Ce rituel est une forme de méditation olfactive, où le silence et l’écoute sont rois. La cérémonie consiste en un ensemble de gestes précis, d’une grande sobriété, orchestrés par un maître spécialisé. La pièce est préparée avec rigueur, l’atmosphère exemptée de toute autre odeur, chaque élément est choisi pour nourrir la concentration et l’éveil intérieur. Le brûle-encens est constitué de cendres tamisées sur lesquelles repose le charbon, lui-même soigneusement incisé en formes évoquant les cinq éléments naturels. Ce détail méticuleux symbolise l’harmonie de l’univers entier dans cette pratique.
Parmi les multiples facettes du kōdō, les jeux olfactifs tiennent une place centrale. Ils stimulent la mémoire, la reconnaissance et la sensibilité au travers d’épreuves ludiques mais exigeantes. Le Genji-kō, par exemple, tire son nom du célèbre roman de Murasaki Shikibu et demande aux participants de deviner l’origine et la qualité de différentes senteurs dans un silence quasi sacré.

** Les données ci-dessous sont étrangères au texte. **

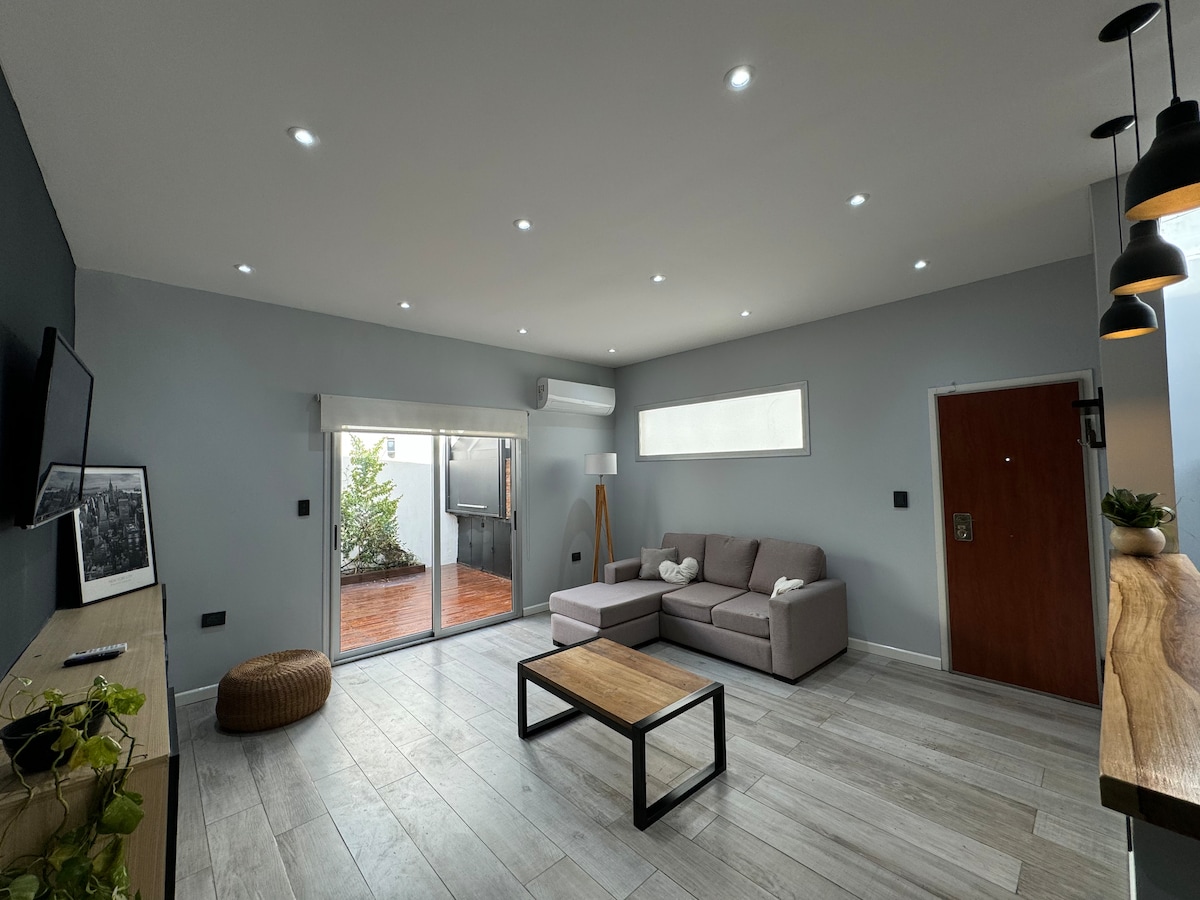 Zapraszamy do tego wspaniałego apartamentu (55 metrów) o doskonałej lokalizacji, z basenem i widokiem na park San Martín. 10 przecznic od centrum miasta. Ogromny taras z grillem, stołem i krzesłami. Wyposażony we wszystko, czego potrzebujesz, aby Twój pobyt był idealny. Wi-Fi i telewizor Smart TV z kablówką i Netflixem w salonie i pokoju. 2-osobowa kanapa i 1-osobowe łóżko, pełna łazienka i toaleta. Garaż jest dostępny za dodatkową opłatą. Tylko Airbnb.

- Méditation olfactive et voie spirituelle
- Gestes codifiés et encens hautement ritualisés
- Jeux olfactifs : défi sensoriel et intellectuel
- Cérémonie en silence et espace sans odeur parasite
- Symbolique des cinq éléments dans la préparation
Élément | Symbole | Rôle dans le kōdō |
---|---|---|
Bois | Nature et vivacité | Source de la senteur, essence physique |
Feu (charbon) | Transformation et chaleur | Développement de l’arôme |
Terre (cendres) | Stabilité et support | Maintien du charbon |
Air | Propagation et inspiration | Sensibilité à l’odeur |
Espace | Silence et vide | Concentration et méditation |
Ce qu’il en reste aujourd’hui au Japon
De nos jours, le kōdō reste un art rare et réservé à une élite, tant en raison de la complexité de son apprentissage que du coût des bois d’encens précieux. Maîtriser cette pratique demande souvent plusieurs décennies, sous la tutelle de maîtres émérites assurant la transmission rigoureuse du savoir. Malgré sa rareté, le kōdō continue d’être célébré au Japon, symbole d’une culture raffinée où la sensorialité s’inscrit dans un cadre historique et philosophique.

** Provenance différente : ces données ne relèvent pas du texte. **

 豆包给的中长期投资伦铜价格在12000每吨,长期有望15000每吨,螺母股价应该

Les vertus spirituelles de l’encens dans le kōdō ne se limitent pas à la simple appréciation olfactive : purification de l’esprit, aiguillage des sens, lutte contre la solitude intérieure, et stimulation de l’intellect en sont des composantes essentielles. L’art du kōdō propose une expérience méditative profonde, un moment rare où l’individu, en silence, renouvelle son lien avec lui-même et les autres.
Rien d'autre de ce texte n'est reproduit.